_What you should do_
Go to the line below that has "L'évolution du nombre", print it and each line after it exactly, and stop after the line that has "Each dialogue unfolds"; leave out pictures.

_Provided records_
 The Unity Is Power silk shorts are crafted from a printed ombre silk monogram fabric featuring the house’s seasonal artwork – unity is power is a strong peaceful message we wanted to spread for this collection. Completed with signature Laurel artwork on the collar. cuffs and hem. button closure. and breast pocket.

==

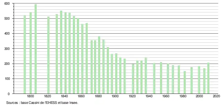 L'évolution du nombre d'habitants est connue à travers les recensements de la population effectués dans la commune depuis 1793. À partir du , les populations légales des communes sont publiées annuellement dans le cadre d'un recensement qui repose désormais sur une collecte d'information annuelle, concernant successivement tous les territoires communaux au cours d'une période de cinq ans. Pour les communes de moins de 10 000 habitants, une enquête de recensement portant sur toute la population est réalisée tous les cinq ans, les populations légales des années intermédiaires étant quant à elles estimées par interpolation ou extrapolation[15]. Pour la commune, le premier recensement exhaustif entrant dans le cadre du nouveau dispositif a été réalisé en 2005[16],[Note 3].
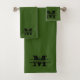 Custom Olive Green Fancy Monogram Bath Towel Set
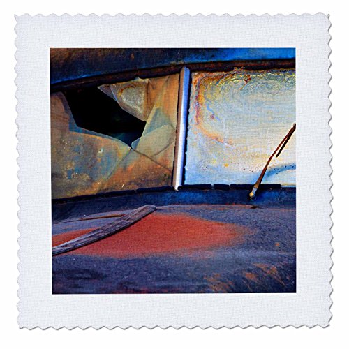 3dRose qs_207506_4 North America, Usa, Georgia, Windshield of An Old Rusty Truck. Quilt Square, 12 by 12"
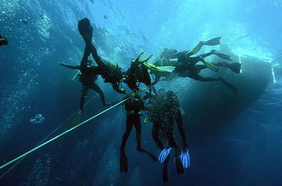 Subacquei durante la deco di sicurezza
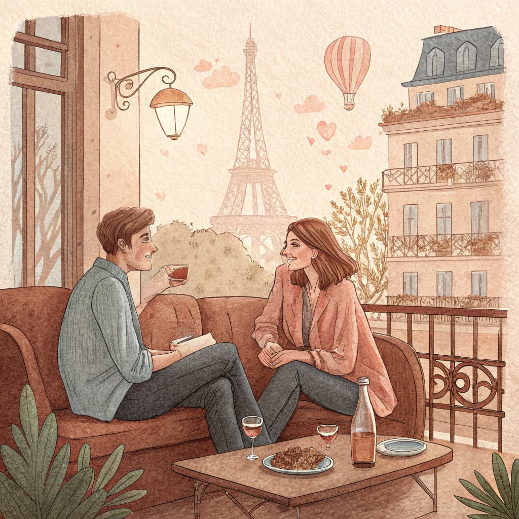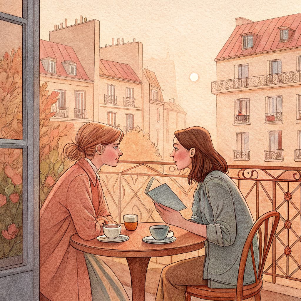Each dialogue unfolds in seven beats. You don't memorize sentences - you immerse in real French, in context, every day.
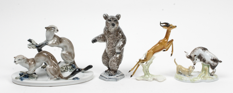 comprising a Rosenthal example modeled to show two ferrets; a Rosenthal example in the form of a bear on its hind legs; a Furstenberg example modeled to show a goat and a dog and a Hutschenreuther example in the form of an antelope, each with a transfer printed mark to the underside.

_Answer to the exercise_
 L'évolution du nombre d'habitants est connue à travers les recensements de la population effectués dans la commune depuis 1793. À partir du , les populations légales des communes sont publiées annuellement dans le cadre d'un recensement qui repose désormais sur une collecte d'information annuelle, concernant successivement tous les territoires communaux au cours d'une période de cinq ans. Pour les communes de moins de 10 000 habitants, une enquête de recensement portant sur toute la population est réalisée tous les cinq ans, les populations légales des années intermédiaires étant quant à elles estimées par interpolation ou extrapolation[15]. Pour la commune, le premier recensement exhaustif entrant dans le cadre du nouveau dispositif a été réalisé en 2005[16],[Note 3].
 Custom Olive Green Fancy Monogram Bath Towel Set
 3dRose qs_207506_4 North America, Usa, Georgia, Windshield of An Old Rusty Truck. Quilt Square, 12 by 12"
 Subacquei durante la deco di sicurezza
Each dialogue unfolds in seven beats. You don't memorize sentences - you immerse in real French, in context, every day.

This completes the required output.